All this is because A.I. is made in the image of man, but man, if you’ll pardon the religious reference, is made in the image of God.

Frank: I’ll pardon it because you just threw me that big fat bone, apart from which your sentiments are truer than true and beautifully put. I agree with them. And when I locate and commune with my own inner Pollyanna, I think it’s possible that the various grave threats we’re confronting will prompt us to appreciate what’s being endangered more than we did before. Maybe the spread of A.I. nudges us back to intimacy. Maybe Trump’s monstrous ego and grotesque indulgences kindle a renewed regard for altruism and humility. Maybe our national shame on the international stage compels us to rediscover American ideals. To quote Joni Mitchell, you don’t know what you’ve got ’til it’s gone.

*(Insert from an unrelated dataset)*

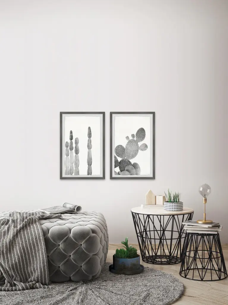 A duo of monochrome photographs of a cacti against a clear background. These portraits of wild flora is the perfect way to add a touch of life to any living space. Proudly printed in the USA, this piece is printed on high quality archive paper and professionally hand-framed. With wall-mounting hooks included, this artful accent is ready to hang up as soon as it reaches your front door.- (2) panels of 20x30- Top quality Giclee print on high resolution Archive Paper- Hand cut deckled edges- High quality durable non-warping frame- Finished under shatter resistant plexiglass- Arrives ready to hang- Includes a certificate of authenticity- Printed in the USA

Bret: If you’ve never seen it, take six minutes to watch a beautiful young Joni discuss and then play “Woodstock” on her piano. A transcendent human experience that no A.I. could equal. And it’s why I tell young people to skip the Comp Sci classes (which A.I. will surely soon do better than any human programmer, if it isn’t already) and study English literature, music composition, military history, political philosophy, Romantic verse — even journalism! — and anything else that makes them understand how to be fully human. It’s in this process of self-discovery that they’ll find what makes them genuinely valuable, both in life and in the marketplace.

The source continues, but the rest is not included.